Unlike CSLI, the “pings” picked up by the cell-site simulator are not transmitted in the normal course of the phone’s operation. Rather, “cell site simulators actively locate phones by forcing them to repeatedly transmit their unique identifying electronic serial numbers, and then calculating the signal strength until the target phone is pinpointed.”
These points are good. The following, though, is even better. The court finds the government can’t attempt to use the Third Party Doctrine when it has chosen to act as the “third party” in this equation.
For both the pen register and CSLI, the Government ultimately obtains the information from the service provider who is keeping a record of the information. With the cell-site simulator, the Government cuts out the middleman and obtains the information directly. Without a third party, the third party doctrine is inapplicable.

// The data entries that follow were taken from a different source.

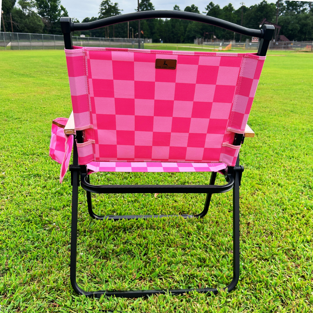 Pink Checkerboard Folding Lawn Chair
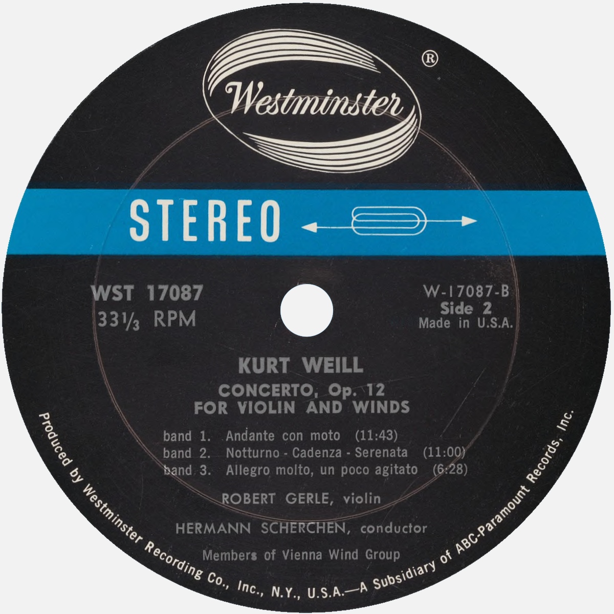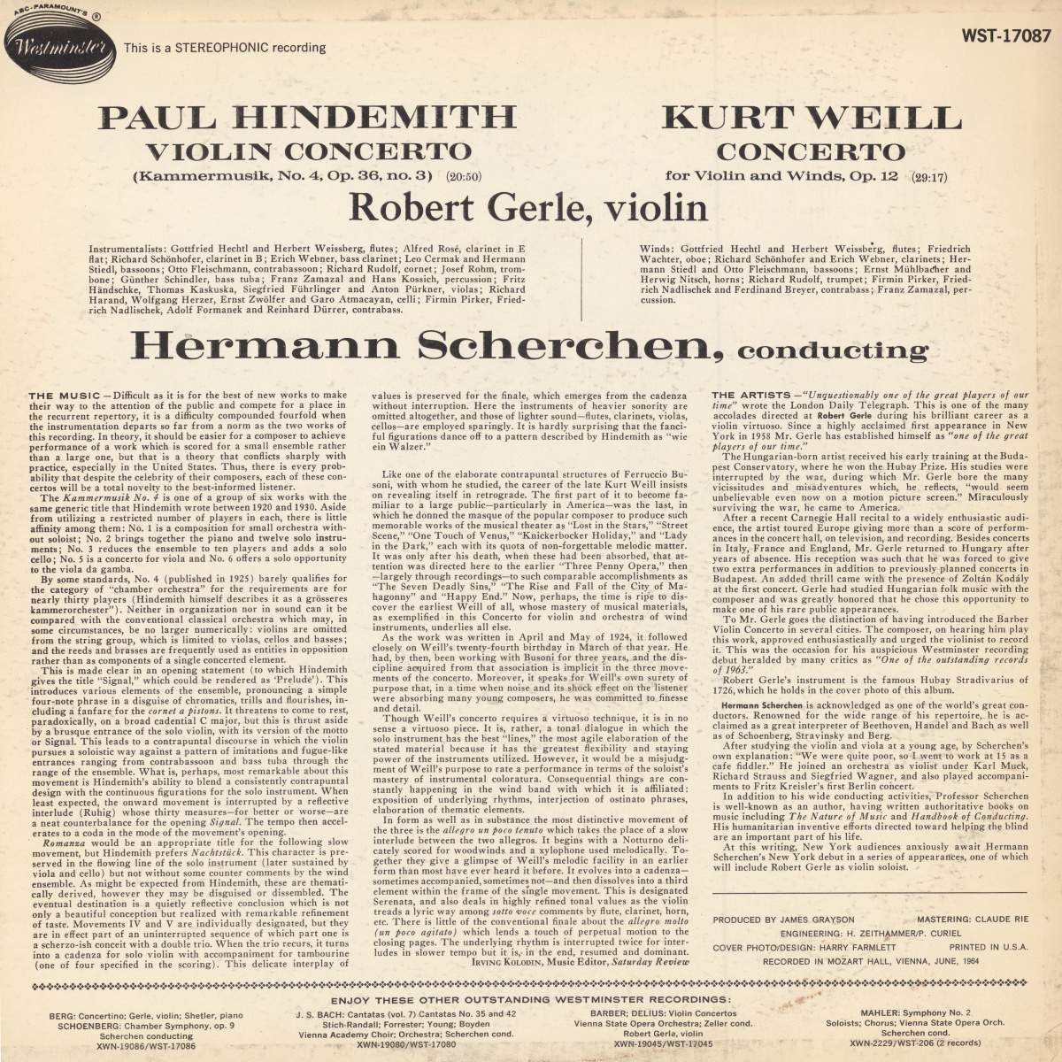 Kurt Weill, Concerto pour violon et Ensemble d'instruments à vent, cordes et percussion, op. 12, Robert GERLE, Ensemble d'instruments à vent, cordes et percussion, Hermann SCHERCHEN, 24 au 27 juin 1964, Salle Mozart du Konzerthaus de Vienne
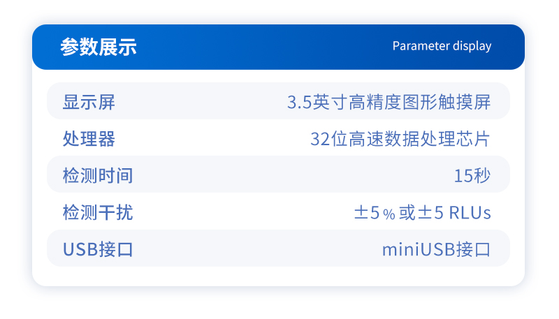手持atp荧光检测仪主要参数:
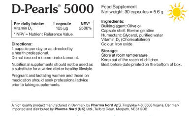 Bio Vitamin D3 5000 IU cholecalciferol 30 Capsules Pharma Nord 125 micrograms
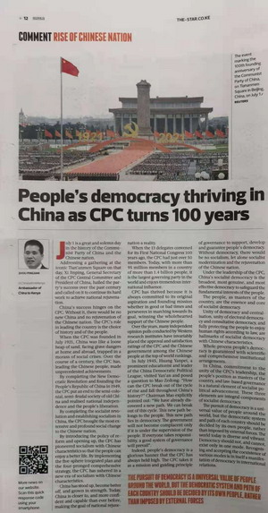 2021年7月9日至11日,驻肯尼亚大使周平剑在肯《星报》《旗帜报》《人民报》和首都调频网站等媒体发表题为《百年中国共产党:人民民主蓬勃发展》的署名文章。全文如下:
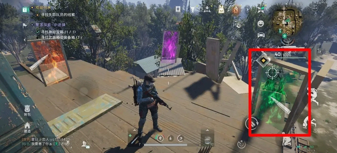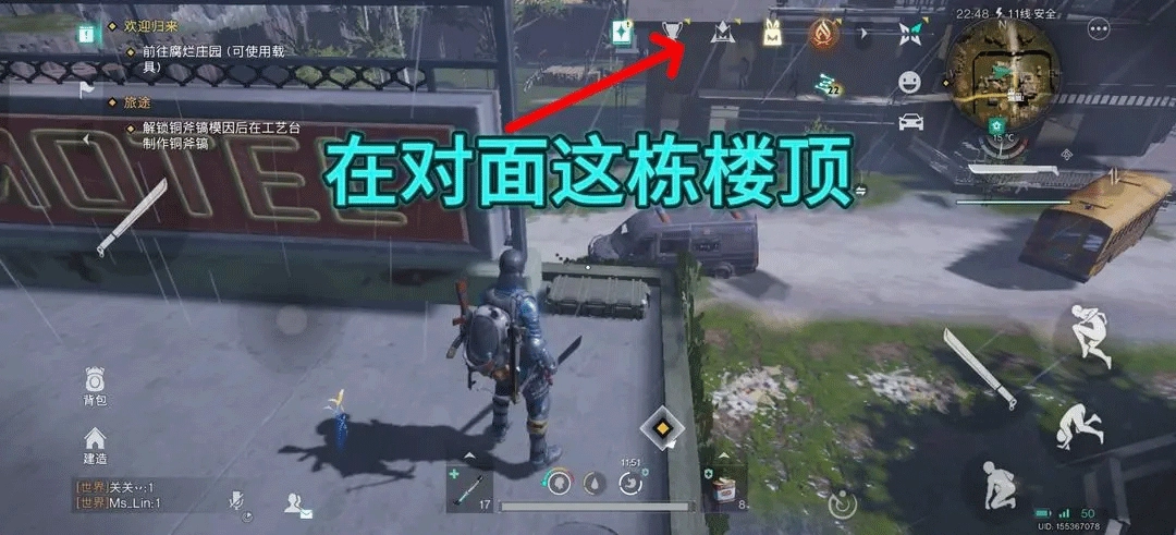 在第一个武器宝箱对面的那栋楼顶
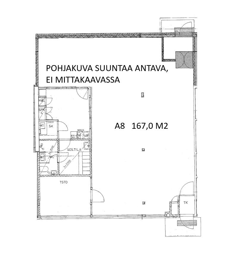 Tila soveltuu mm. työtilaksi, liiketilaksi tai toimistokäyttöön.
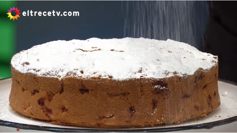 - Chequeá la cocción de la torta al hundir un palillo largo y retirala del horno, cuando haya perdido el calor espolvoreá azúcar impalpable y cortá
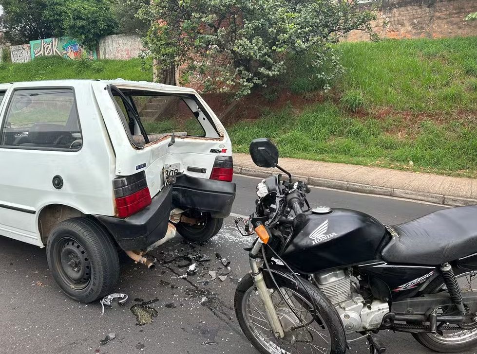 Um motociclista ficou gravemente ferido ao bater contra a traseira de um carro, em São Carlos (SP), na manhã desta quinta-feira (9). Com a força da colisão, a vítima quebrou o vidro do carro Fiat Uno e foi arremessado para dentro do veículo, sofrendo um corte grave na região do pescoço.
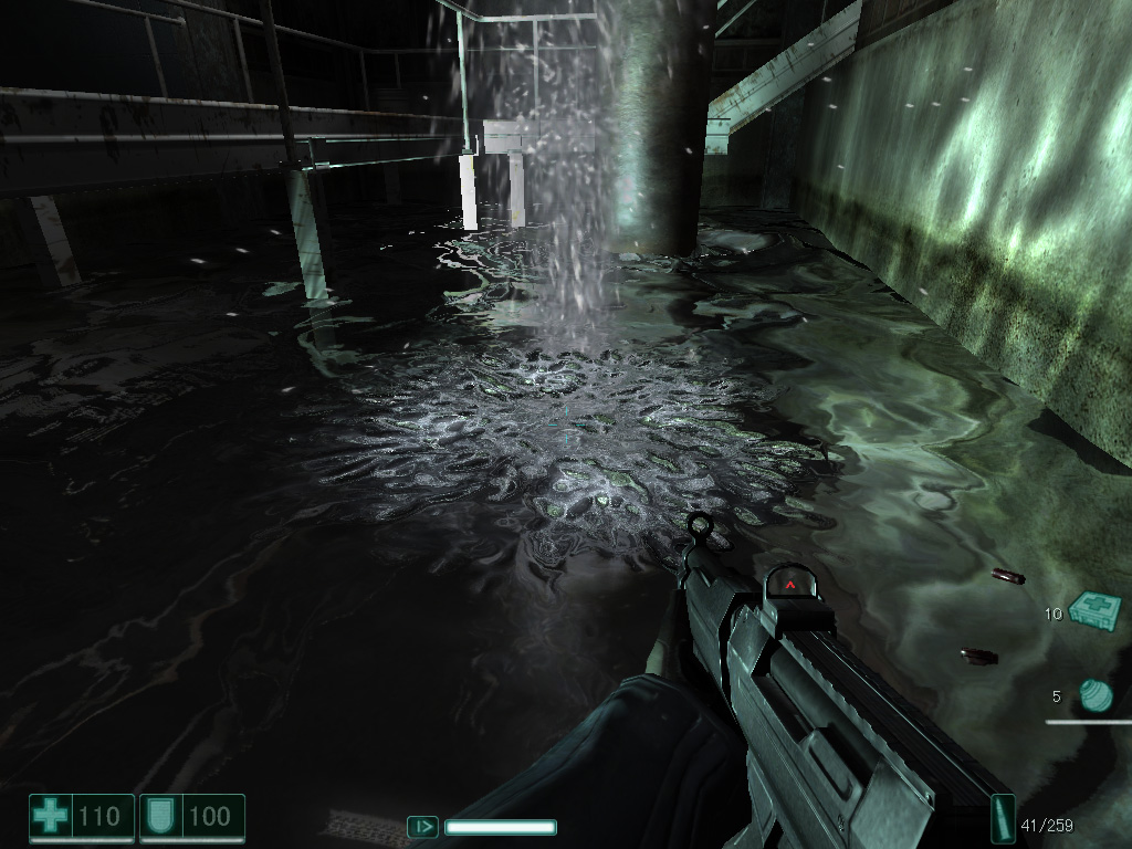 左は「Half Life2: Lost Coast」,右は「F.E.A.R.」より。水面のさざ波表現では,そのさざ波の波動シミュレーションまでがピクセルシェーダによって行われている

The Second Circuit has yet to make a decision on the reasonable expectation of privacy in CSLI. If this is appealed, it may finally have to handle that question. Then again, CSLI is only partially implicated here and it may be able to let the Fourth Amendment’s reach be determined on a case-by-case basis until something more directly addressing the issue comes along. If nothing else, the ruling here should encourage more federal agencies operating in this district to get a warrant “just in case.” Then again, the secrecy surrounding Stingray devices discourages the creation of paper trails, so it may be that the government will continue to roll the Fourth Amendment dice until a higher court tells them otherwise.